━━━━━ Stored data

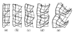 | direttrici fluide su fondo geometrico organico | una trasformazione geometrica intrinseca all'organico | processo di de-conformazione topologicaRESCITA E FORMA | ||
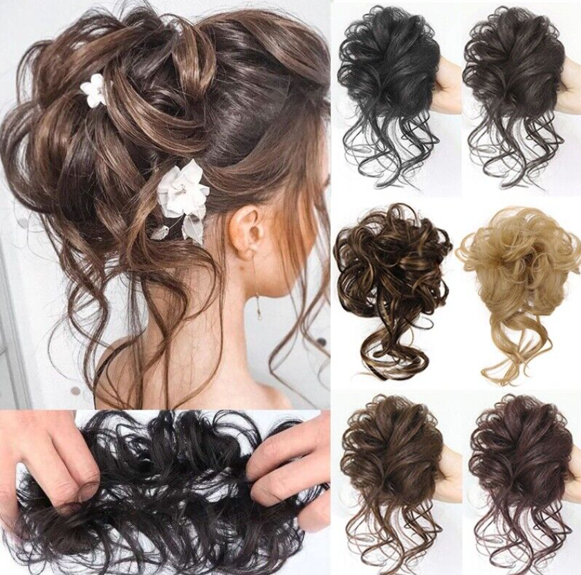 Curly Messy Bun Real as human Hair Piece Scrunchie Updo Wrap Hair Extension
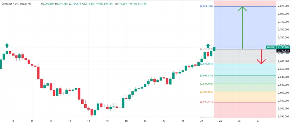 XAUUSD broke 4H resistance at USD 2,710, driven by safe-haven demand amid Ukraine’s first strike on Russia and recovery from post-election losses. If the breakout holds, bulls may target USD 2,820; if it fails, bears could aim for USD 2,670, with price action shaped by escalating Russia-Ukraine tensions fueling safe-haven flows.

━━━━━━━━━━

# [Requirement]
Set down the material word for word, and drop every picture from it.

# [Solution to the problem]
 | direttrici fluide su fondo geometrico organico | una trasformazione geometrica intrinseca all'organico | processo di de-conformazione topologicaRESCITA E FORMA | ||
 Curly Messy Bun Real as human Hair Piece Scrunchie Updo Wrap Hair Extension
 XAUUSD broke 4H resistance at USD 2,710, driven by safe-haven demand amid Ukraine’s first strike on Russia and recovery from post-election losses. If the breakout holds, bulls may target USD 2,820; if it fails, bears could aim for USD 2,670, with price action shaped by escalating Russia-Ukraine tensions fueling safe-haven flows.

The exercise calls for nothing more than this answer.